[geofft]

simple dereferencing and assigning a value of a field in a structure to a variable means the structure is now borrowed and you can't reference the field nor the structure until the variable goes out of scope; please, for the love of all that is holy, prove me wrong!

This is only partially true. If you hold a mutable reference to a field in a structure, you can't get a reference to the entire structure. (Think of a mutable reference as a read-write lock, because that's what it is, just at compile time / type level instead of at runtime.) However, you can get a mutable reference to other fields in the structure. And an immutable reference to a field (analogous to a read-only / shared lock) does not prevent other immutable references, so you can totally get a reference to the structure while a reference to one of its fields is outstanding.

Here's an example of this on play.rust-lang.org: http://is.gd/ySSsex

That compiles and runs with the extra scope around the mutable borrows. If you comment out that scope, then yes, it won't compile.

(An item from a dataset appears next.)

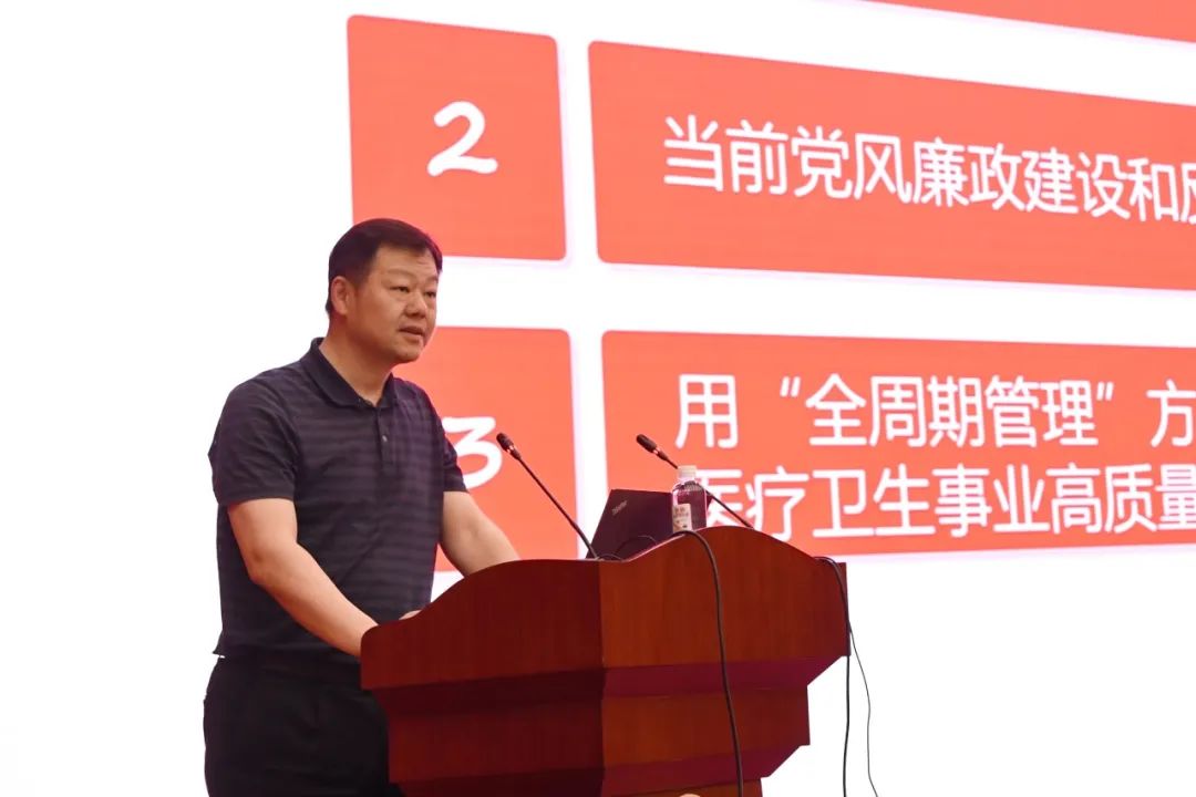 最后,钟平副组长讲授题为《坚持全面从严治党 强化行业作风建设 不断推动公立宝威体育 高质量发展》的廉政党课,号召全体党员干部必须以常抓不懈的韧劲和耐心,面对依然严峻复杂的反腐败斗争形势,面对“四个任重道远”阶段性特征,必须始终保持清醒头脑,增强政治定力,坚持严的主基调不动摇,推动全面从严治党、党风廉政建设和反腐败斗争不断取得新的更大胜利,为医疗卫生事业和宝威体育 高质量发展提供坚强保障!

My experience, coming to Rust from C++ and C, is that a lot of real-world C++ and C code is imprecise about mutability and shared references, and relies on the programmer not doing anything particularly weird. It's true that in this example, nothing would go wrong by omitting the braces because the references g and h aren't actually used. But in larger and legacy codebases, it's very easy to forget the mutability rules that were in the head of the previous programmer. So directly porting C++ code is going to be annoying, but that's mostly because the hard work is figuring out what was implicit in the C++.